Tears rained from the stained-glass palace windows of the leviathan's eyes.

Reaching the snow they sizzled, leaving oval slushy places, each about the size of a shed.

‘He persecutes and harries me,'
shaped
the whale. His agility with language had been got from multifarious meetings. Perhaps its dramatic tone was inevitable. Most of the ones he had heard using words were dying in terror because of
him
. ‘Save me from the father – save me, brother! I will be your slave. I will serve you. There is none but you.'

A particularly valid tear splashed out an oval the size of a cottage. They were not corporeal, the tears, yet had the force of sincerity. Until this moment Brightshade had been partly acting, to win Lionwolf's favour. But suddenly the script overwhelmed him. Now he wept like a sea.

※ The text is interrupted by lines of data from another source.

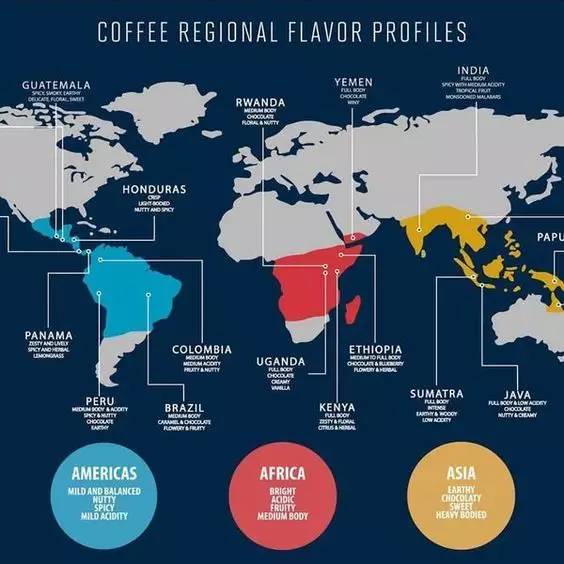 好了,現在讓我們來看一看世界上幾大主要產地咖啡的口味特征:
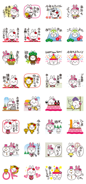 可愛い白うさぎの日常使いスタンプ。2021〜22年の年末年始バージョンです。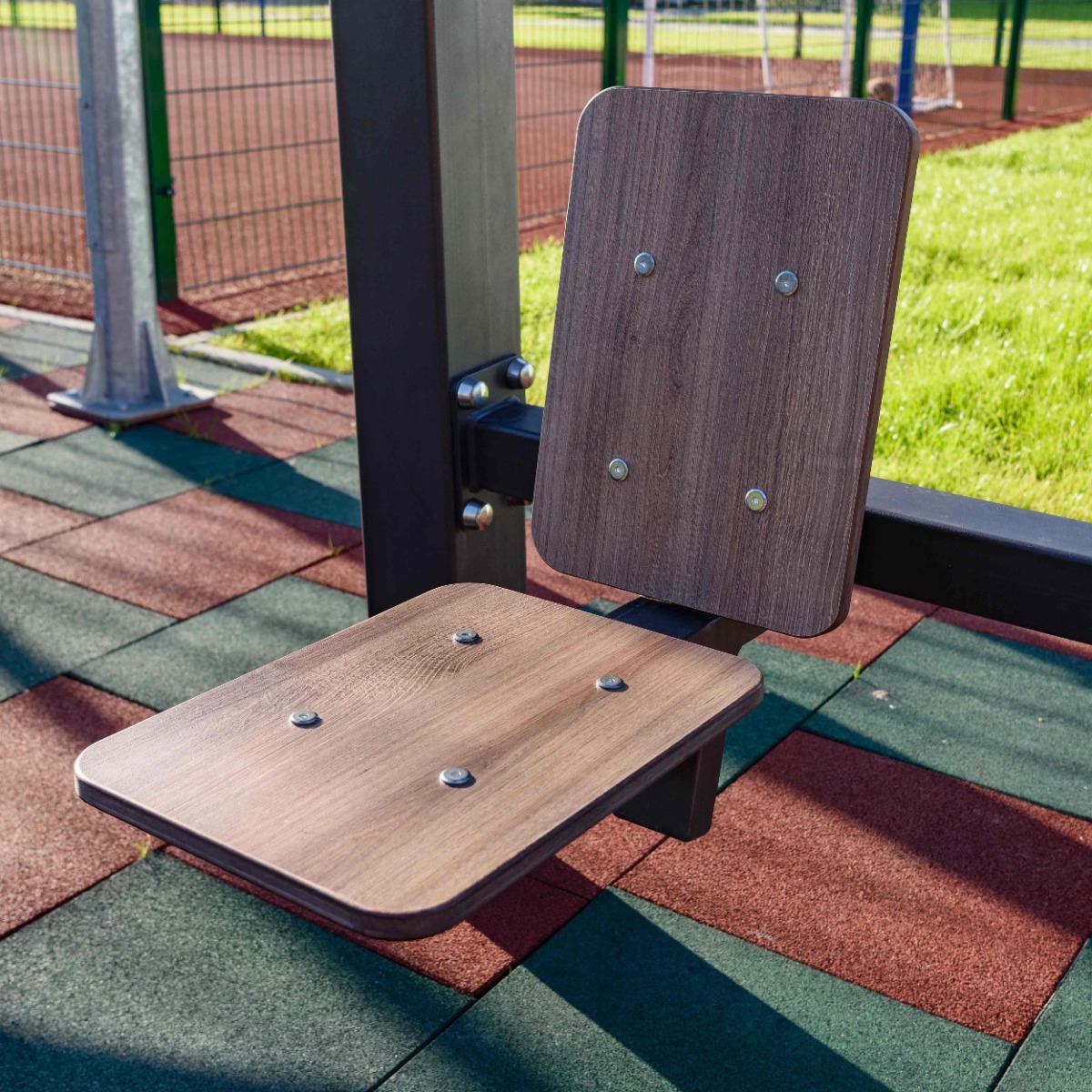 Сиденье и скамья тренажера выполнена из высокопрочного ударостойкого HPL-пластика толщиной 12 мм.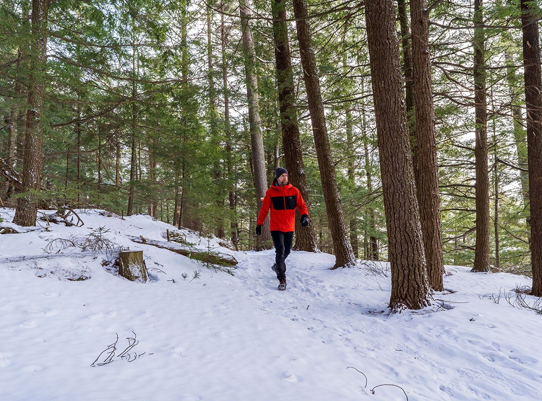 J’ai poursuivi jusqu’à la colline du lac Trousers afin d’admirer le point de vue au pic de la Loutre. Il s’agit d’aller-retour de près de 9 km et au dénivelé positif de plus de 300 m. Selon l’épaisseur de la neige, ce parcours peut prendre facilement plusieurs heures. Prévoyez un lunch en chemin et une source de réconfort de retour au gîte.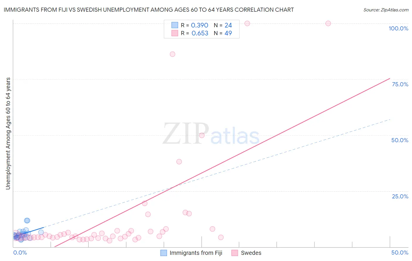 Immigrants from Fiji vs Swedish Unemployment Among Ages 60 to 64 years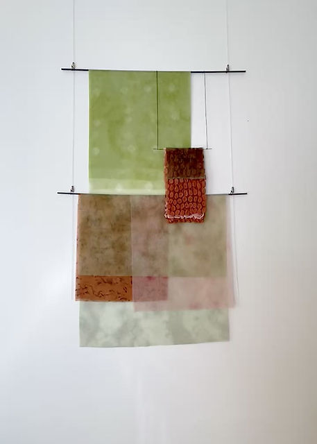 Accumulation de lés de tarlatane peints, teints, et mis en volume. Plis, lignes, froissements, empreintes retracent les réminiscences d’une déambulation poétique au Hameau de la Reine.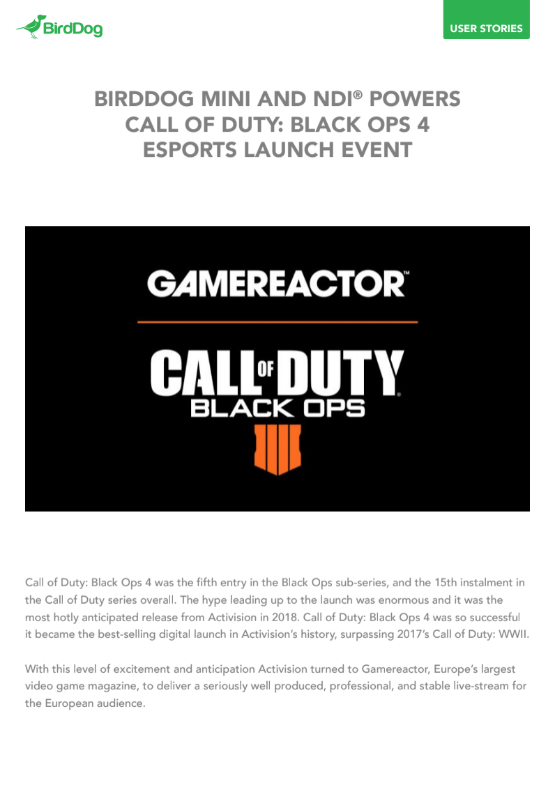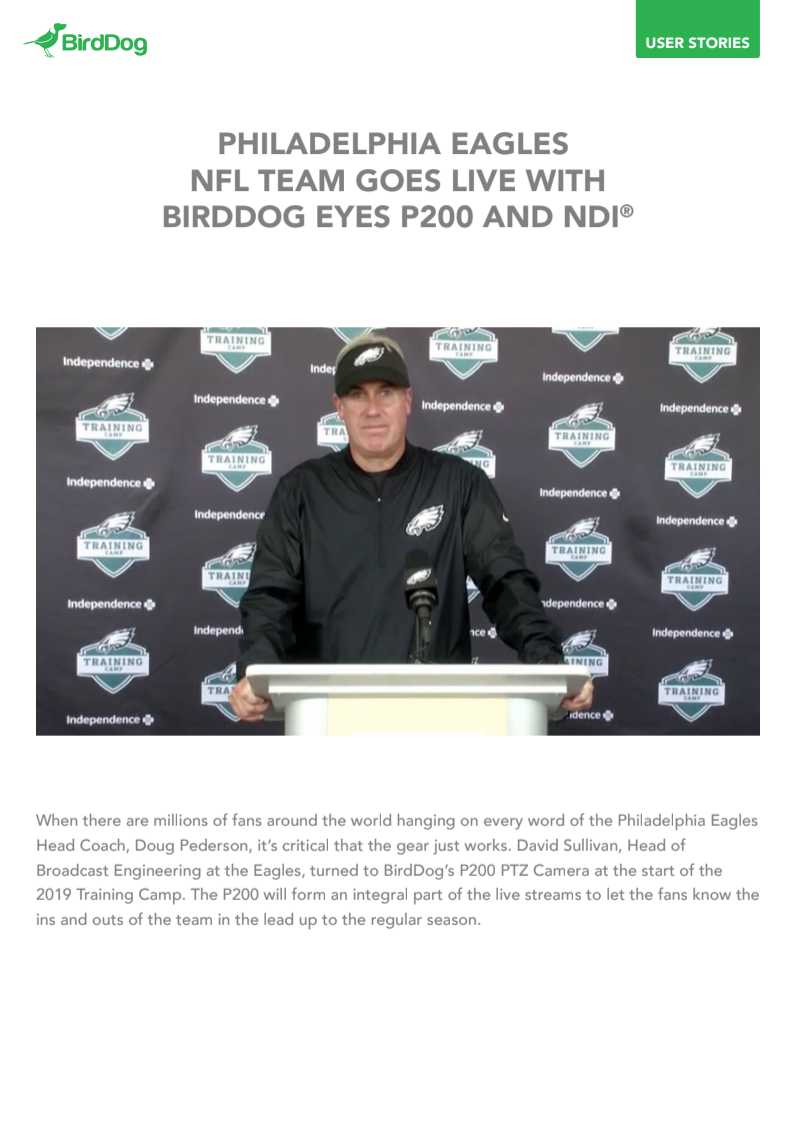 BirdDog Australia Pty Ltd (BirdDog) was founded in 2016 with a mission to create the world’s best video over IP products and workflows. BirdDog developed embedded NDI® hardware and implemented into a range of high definition and 4K broadcast video converters, robotic pan-tilt-zoom cameras, and a suite of software products to tie end to end workflows together. BirdDog products are available globally through a network of distributors and resellers and used by some of the biggest names in Broadcast, AV, House of Worship, Live Streaming, Esports, and Education. BirdDog’s headquarters are in Melbourne, Australia with in-country presence in USA and UK.

Lionwolf began to speak soothingly to Brightshade in a kind of melodious gibberish. It was rather as mothers spoke to infants. Brinnajni, Lionwolf's daughter, had done something like this before, when she lulled the whale asleep and rescued Dayad from his stomach. Lionwolf could see the scar this rescue had fixed even on Brightshade's astral body. If the whale had ever grasped how he was robbed was unclear. But the chastisements of their father, Zth, were also plain enough.

Only too well did Lionwolf recall his own anguish of fear in pre-infancy when he had been threatened by Zeth Zezeth.

With his phrases and voice, Lionwolf reassured his half-brother. The plain beamed about them. It was, perhaps, the one lying just below the southern mountains. They were therefore in Kraagparia, Brightshade and he. What was real was unreal, what was unreal, real.